When the mail servers are going through the cypher suite negotiations, a man-in-the-middle attack (MITM) can be exploited against this negotiation. For example, the destination server will state that it supports 256-bit encryption. Meanwhile, the MITM will not pass this information to the client server. Likewise, the MITM will pass to the destination server that it does support its high-level encryption, when this is not true. So essentially, we have a falsely encrypted tunnel on the destination side with no secure cypher suite on the source side.

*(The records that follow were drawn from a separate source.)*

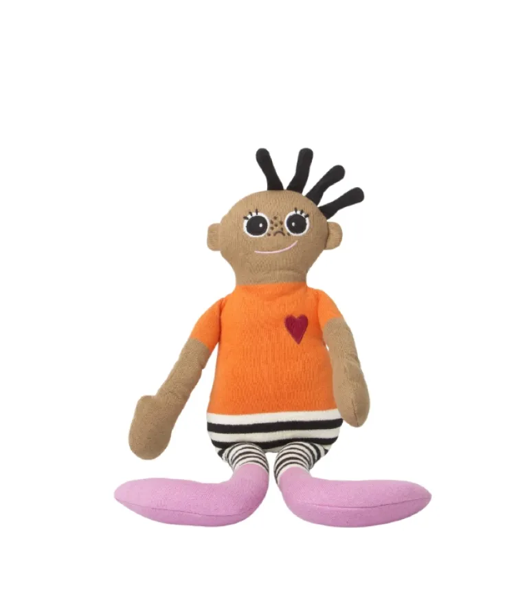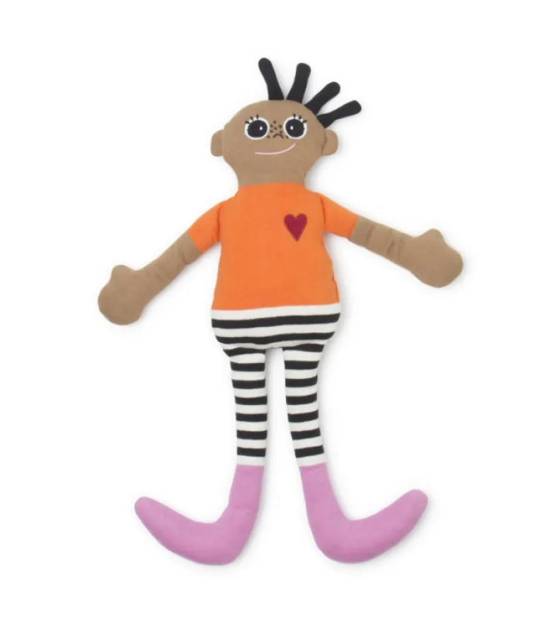 KAI dukken har Orange bluse, pink fødder, lange stribede ben og et fint rødt hjerte.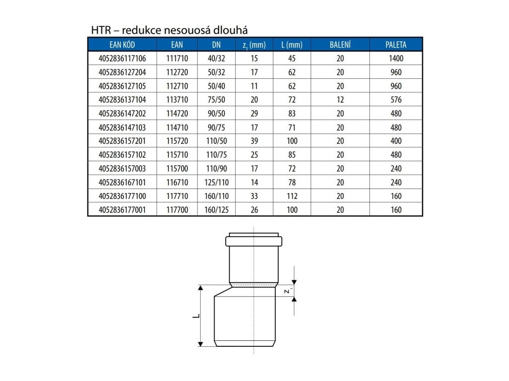 HT PLUS HTR redukce nesouosá dlouhá DN110/90, PP, šedá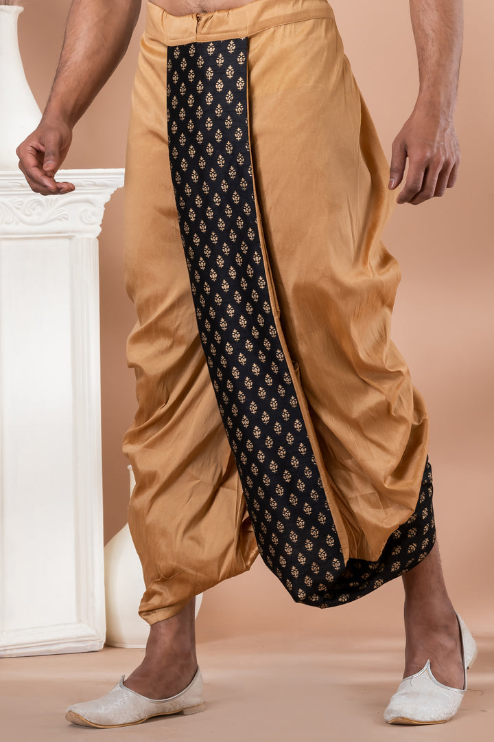 Dhoti Fabric: Dupion Silk blend in golden hue with matching print detailing
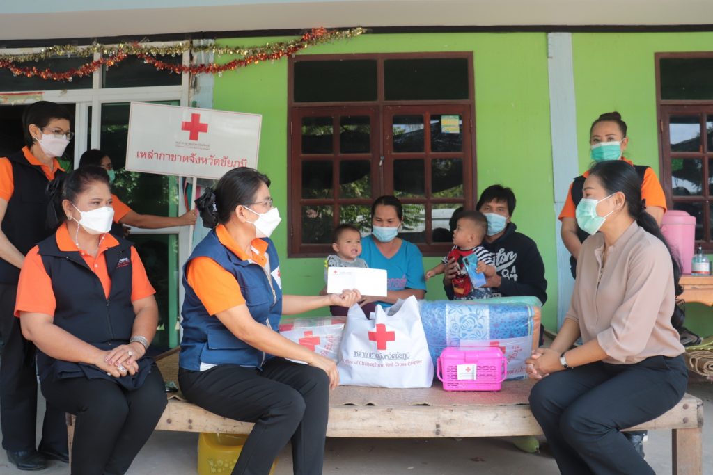 วันที่ 2 ธันวาคม 2564 นางกรรณิกา กองฉลาด นายกเหล่ากาชาดจังหวัดชัยภูมิ พร้อมด้วยนางสมปรารถนา ชัยวิรัตนะ รองนายกเหล่ากาชาดจังหวัดชัยภูมิ และกรรมการเหล่ากาชาดจังหวัดชัยภูมิ ออกเยี่ยมราษฎรในพื้นที่อำเภอบำเหน็จณรงค์รายนางเต่า ยุทธอาจ อายุ 53 ปี อยู่บ้านเลขที่ 7/1 หมู่ที่ 10 ตำบลหัวทะเล อำเภอบำเหน็จณรงค์จังหวัดชัยภูมิ ขอความช่วยเหลือค่าใช้จ่ายในการเลี้ยงดูบุตรหลานฝาแฝดอายุ 1 ขวบ จำนวน 2 คน เนื่องจากมารดาเสียชีวิต และบิดาเกิดประสบอุบัติเหตุไม่สามารถประกอบอาชีพได้ ทั้งนี้ เหล่ากาชาดจังหวัดชัยภูมิ ได้มอบเงินสงเคราะห์ พร้อมถุงยังชีพ และสิ่งของเครื่องใช้ เพื่อบรรเทาความเดือดร้อนในเบื้องต้น

This will cause the email to be transmitted in the clear.
There are also cross-protocol attacks on servers supporting SSLv2 and EXPORT cipher suites resulting in TLS sessions being decrypted. Sharing of the same RSA private keys for both TLS and SSLv2 servers further extends the attack surface to “non-vulnerable” servers. Note: this attack is independent from the client making an SSLv2 connection.10
Most email systems are not adequately configured to successfully distinguish between authentic email and fraudulent email.11 According to a report from PhishMe in 2016, 91% of cyber-attacks were started with an email. In a sample of 13 million fraudulent emails, more than 100,000 included malicious attachments, and nearly 1.4M contained malicious web links.12
There are many different tools to create fraudulent emails. Attackers can spoof legitimate email addresses many ways. A common usage of fraudulent email is to lead the recipient of the email to click on a malicious link, execute a malicious file (or macro), follow fraudulent directions (make a wire transfer payment, add a vendor for payment) or give out confidential information (PII, trade secrets, accounting information, username, passwords).
One of the most prevalent and easy to execute fraudulent email is to use a SendMail SMTP server and configure the server to spoof the domain name of the target. Using this method, you can send an email to an accounts payable clerk spoofing the CEOs email address and ask the clerk to bypass normal processes to immediately pay a bill via wire transfer.
Spoofbox.com and Anonymailer.net are websites that advertise they will spoof email and change the sender field. They also allow the users to designate any sender email and add HTML, text and file attachments.
Email Spoofer is a tool available at SourceForge that is advertised as a tool for pentesters. It is able to send emails to a single recipient or a list, it supports plain text/html email formats, and attachments. It also enables the sender to specify that replies go to a different email located in the header.